Since I had to shuffle patches anyway, I folded in this fix. Thanks
Bart.

-- 
Jens Axboe

Re: [PATCH v2] block: Improve limiting the bio size

[Yi Zhang]

Hi Jens/Bart
CKI reproduced the boot panic issue again with the latest
linux-block/for-next[1] today, then I checked the patch 'bio: limit
bio max size'[2] found Bart's fix patch does not fold in that commit,
could you help recheck it, thanks.

[1]
Kernel repo: https://git.kernel.org/pub/scm/linux/kernel/git/axboe/linux-block.git
            Commit: ffa77af5731d - Merge branch 'for-5.13/io_uring'
into for-next
[2] bio: limit bio max size
https://git.kernel.org/pub/scm/linux/kernel/git/axboe/linux-block.git/commit/?h=for-next&id=42fb54fbc7072da505c1c59cbe9f8417feb37c27

Thanks
Yi
>
> Since I had to shuffle patches anyway, I folded in this fix.

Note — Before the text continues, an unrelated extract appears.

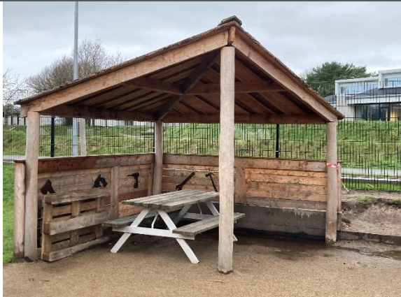
Redskab: Madpakkehus Årgang: 2024 Producent: Kompan Er redskabet mærket: Ja Er der registreret fejl/mangler: Nej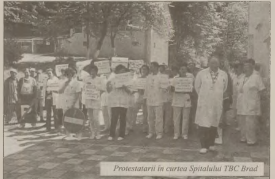
Protestatarii în curtea Spitalului TBC Brad

Thanks
> Bart.
>
> --
> Jens Axboe
>

Re: [PATCH v2] block: Improve limiting the bio size

[Changheun Lee]

> Hi Jens/Bart
> CKI reproduced the boot panic issue again with the latest
> linux-block/for-next[1] today, then I checked the patch 'bio: limit
> bio max size'[2] found Bart's fix patch does not fold in that commit,
> could you help recheck it, thanks.
> 
> [1]
> Kernel repo: https://git.kernel.org/pub/scm/linux/kernel/git/axboe/linux-block.git
> Commit: ffa77af5731d - Merge branch 'for-5.13/io_uring'
> into for-next
> [2] bio: limit bio max size
> https://git.kernel.org/pub/scm/linux/kernel/git/axboe/linux-block.git/commit/?h=for-next&id=42fb54fbc7072da505c1c59cbe9f8417feb37c27
> 
> Thanks
> Yi
> >
> > Since I had to shuffle patches anyway, I folded in this fix. Thanks
> > Bart.
> >
> > --
> > Jens Axboe
> >

Should we check queue point in bio_max_size()?
__device_add_disk() can be called with "register_queue=false" like as
device_add_disk_no_queue_reg(). How about below?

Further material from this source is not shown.